Šenčur (/sl/; in older sources also Šentjur, Sankt Georgen or Sankt Georgen im Felde) is a settlement in the Upper Carniola region of Slovenia. It is the seat of the Municipality of Šenčur.

==Name==
Šenčur was mentioned in written sources in 1221 as de Sancto Georio (and as ad sanctum Georium and ecclesiam sancti Georgii in 1238, and as aput Sanctum Georium in 1264). The Slovene name Šentčur is a contraction of the colloquial name for Saint George, the patron saint of the local church: šent Jur > *Šenťur > Šenčur. In the past, the settlement was known as Sankt Georgen (im Felde) in German.

==History==
The Šenčur area was already inhabited in late antiquity; archaeological finds include a Roman sarcophagus from the 4th century AD. Medieval sources mention Šenčur in 1221 in connection with the knight Friedrich of Šenčur (Fridericus de Sancto Georio).

During the Middle Ages, Šenčur was subordinate to the Dominican monastery in Velesovo.
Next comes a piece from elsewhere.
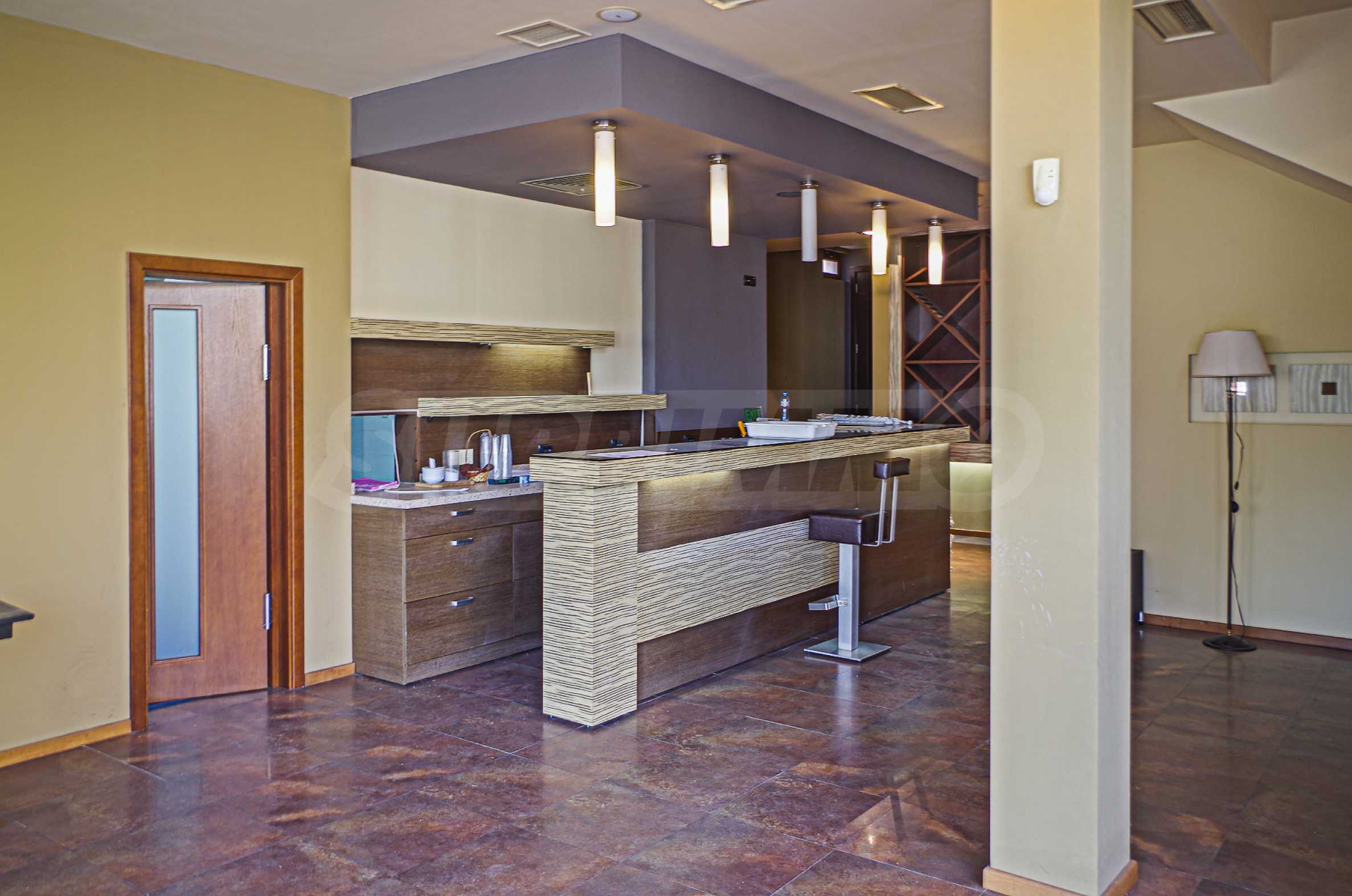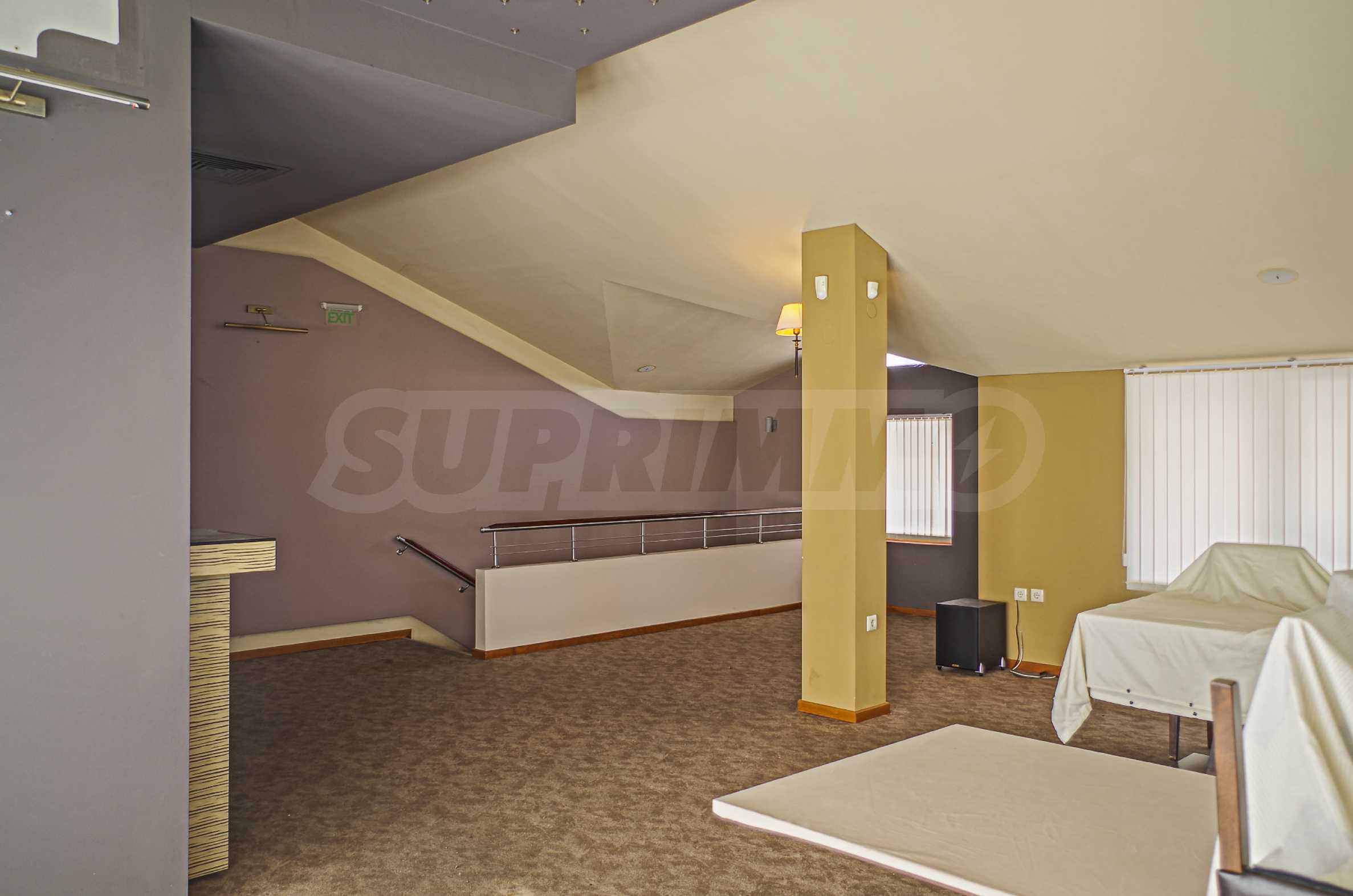 - Втори етаж: Голямо, изпълнено със светлина общо помещение с настилка от висококачествен мокет. Тук също има бар кът за отдих и неформални разговори. Основно предимство на етажа е просторната тераса с гледка към града, предлагаща приятно открито пространство за кафе паузи, събития или срещи с клиенти и партньори.

In 1458, almost half of the peasants (21) were subordinated to the monastery. In 1471 and 1472, the settlement came under Ottoman attack twice. With the abolition of the monastery in 1782, most of the peasants came under different landlords.

Šenčur was the scene of the Šenčur Events (Šenčurski dogodki) on 22 May 1932. This was a political incident in which members of the banned Slovene People's Party prevented a march by the newly founded Yugoslav Radical Peasants' Democracy, calling out slogans against the 6 January Dictatorship and in support of the United Slovenia program. As a result, several Upper Carniolan leaders of the Slovene People's Party were arrested and imprisoned, including Matija Škerbec.

During the Second World War, a local committee of the communist Liberation Front was established in Šenčur in May 1941. On 24 January 1944, German forces shot 40 hostages in Šenčur in retaliation for the deaths of three military police.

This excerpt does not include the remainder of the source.